Michael Elowitz is an HHMI Investigator and Professor of Biology and Biological Engineering at Caltech, recognized for foundational contributions to the fields of synthetic biology and systems biology. His lab has shown that biological behaviors can be programmed using custom designed molecular circuits; revealed the pervasive role of stochastic fluctuations-or “noise”-in gene expression; and identified a set of biological circuit designs underpinning cellular and multicellular development. Elowitz grew up in Los Angeles, CA, attending the Hamiltion Humanities Magnet high school. He studied Physics as an undergraduate at UC Berkeley and then obtained his PhD in Physics at Princeton, where he worked with Stanislas Leibler on cytoskeletal dynamics and the design of synthetic biological circuits. He then moved to Rockefeller University, where he worked in the laboratory of Arnold J. Levine, and with the Center for Studies in Physics and Biology, on gene expression noise. In 2003, he started his own laboratory at Caltech, where he has brought synthetic, quantitative, and single cell approaches to multicellular, mammalian systems. Honors include the MacArthur Fellowship, Searle and Packard Fellowships, the HFSP Nakasone Award, Presidential Early Career Award, Allen Distinguished Investigator Award, Sackler Prize in Biophysics, and election to the American Academy of Arts and Sciences.

Research Interests

Living cells use circuits of interacting genes and proteins to process and remember information, communicate with one another, and develop into complex multicellular organisms. The Elowitz laboratory seeks to understand the design principles that allow these circuits to operate so effectively, and to apply that understanding to predict and control natural cellular behaviors, and to program totally new cellular behaviors "from scratch." Elowitz?s early research helped establish the possibility of designing biological circuits that implement new cellular behaviors in bacteria and mammalian cells.

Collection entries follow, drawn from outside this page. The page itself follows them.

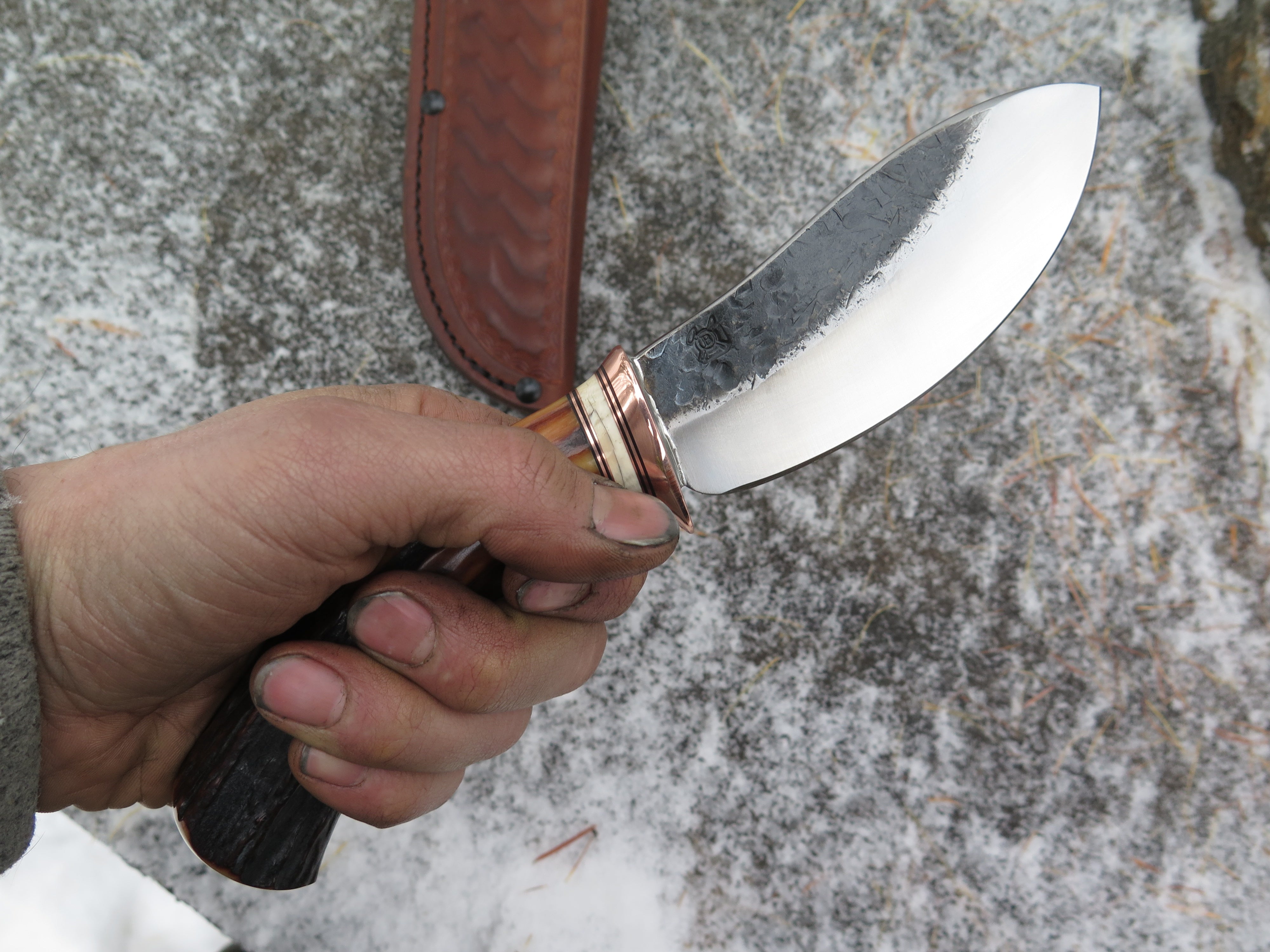This beautiful new Nessmuk from Behring Made© is hand forged from 3/16" thick high carbon 01 tool steel and measures 4 1/2" from tip to guard with a razor sharp hollow grind and our hammermark finish. The copper guard is soldered in place above black fiber, copper and ancient mammoth ivory spacers as well as a premium sambar stag handle that's pinned through the tang with copper. The overall length measures right under 8 3/4" and it comes in a premium leather belt pouch sheath, though substitutions are available upon request.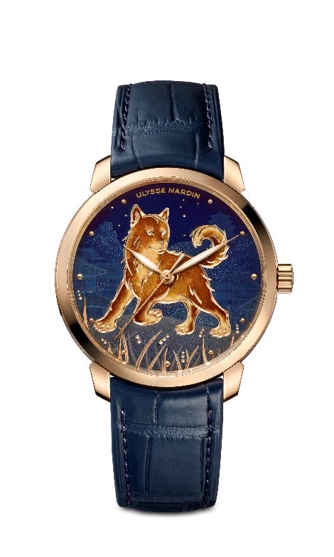 La collection Classico compte diverses montres en émail que bon nombre d’amateurs convoitent et aiment à collectionner. À l’occasion de la nouvelle année chinoise, commençant en février 2018, Ulysse Nardin présente la Classico Dog, une édition limitée de 88 pièces en or rose 18 carats munie d’un mouvement UN-815 à remontage automatique. Doté d’une réserve de marche de 42 heures et bénéficiant de la certification COSC, ce garde-temps au cadran en émail Grand Feu champlevé, étanche jusqu’à 50 m, est habillé d’un boîtier de 40 mm et maintenu en place par un bracelet en alligator.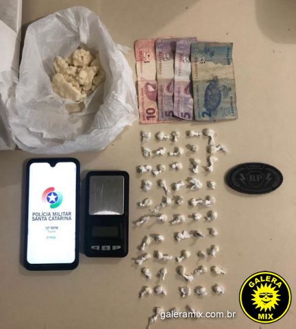 Em buscas na casa do suspeito, os militares encontraram em uma sacola, dentro de um carrinho de bebê, 77 gramas de crack, fracionadas em 53 embalagens prontas para comercialização, além de uma balança de precisão.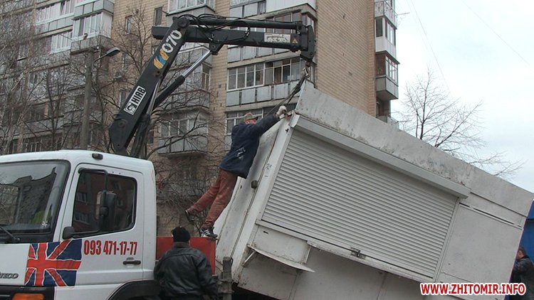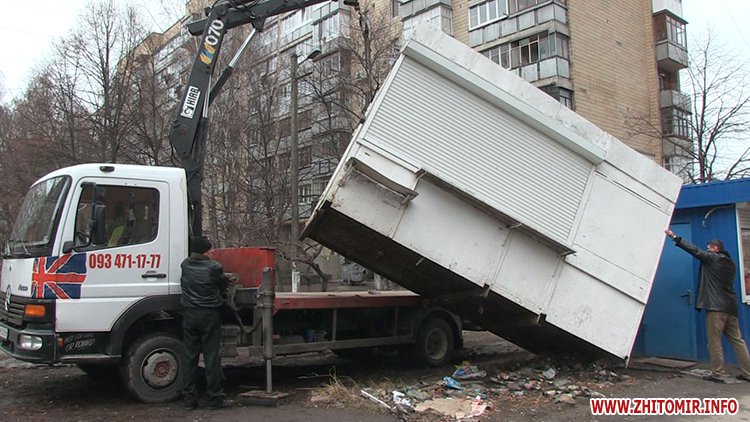 10 лютого в Житомирі демонтували ще один незаконно встановлений МАФ на проспекті Миру, 11. Представник КП «Інспекція з благоустрою» каже: власник кіоску виявив бажання демонтувати кіоск самостійно. До того усі незаконно встановленні МАФи прибирали за бюджетні кошти.

It further revealed that gene expression is intrinsically stochastic, or 'noisy', and showed how noise functions to enable probabilistic differentiation, time-based regulation, and other functions. The laboratory has gone on to bring synthetic biology approaches to understand and program cell-cell communication, signal processing, epigenetic memory, and cell fate control. Currently, major themes in the lab include the use of combinatorial, many-to-many interactions among families of protein variants as a mechanism of biochemical computation, the engineering of biological circuits that could provide therapeutic functions, and the creation of synthetic "recording" systems that allow genomic recording of lineage information.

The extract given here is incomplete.